*WHAT IS EXPECTED*:
After finding "活动伊始,小组成员们准时到达" in the material below, output its line and every line after it through the last, exactly, but not the pictures.

*RAW DATA*:
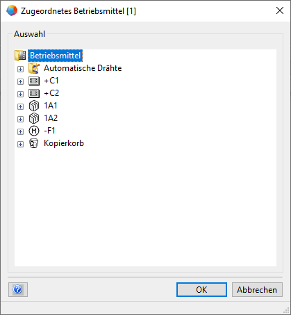 - Der Dialog Zugeordnetes Betriebsmittel wird geöffnet.
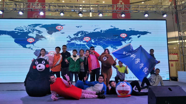 活动伊始,小组成员们准时到达了场地,开始布置。为增加趣味性,成员们还特意租赁了玩偶服装,并为观众跳起了“囧架架”,吸引很多观众观看。
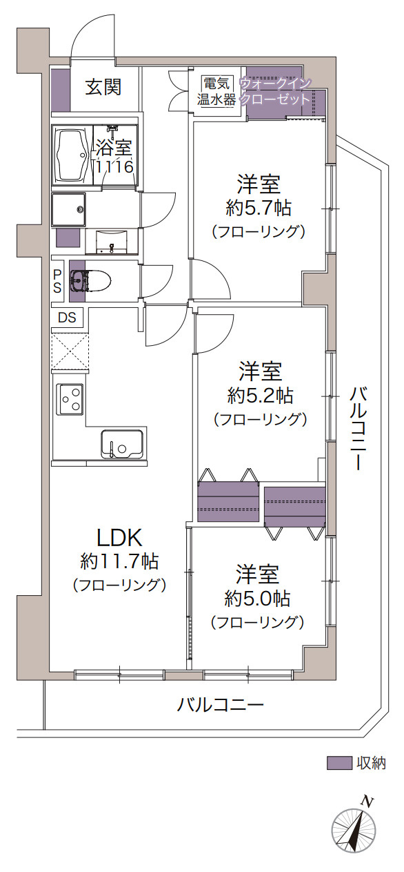 LDK 11.7帖 / 洋室 5.0帖 / 洋室 5.2帖 / 洋室 5.7帖 / |
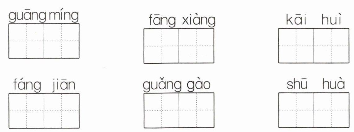 光明、方向、开会、房间、广告、书画。

*EXERCISE RESPONSE*:
 活动伊始,小组成员们准时到达了场地,开始布置。为增加趣味性,成员们还特意租赁了玩偶服装,并为观众跳起了“囧架架”,吸引很多观众观看。
 LDK 11.7帖 / 洋室 5.0帖 / 洋室 5.2帖 / 洋室 5.7帖 / |
 光明、方向、开会、房间、广告、书画。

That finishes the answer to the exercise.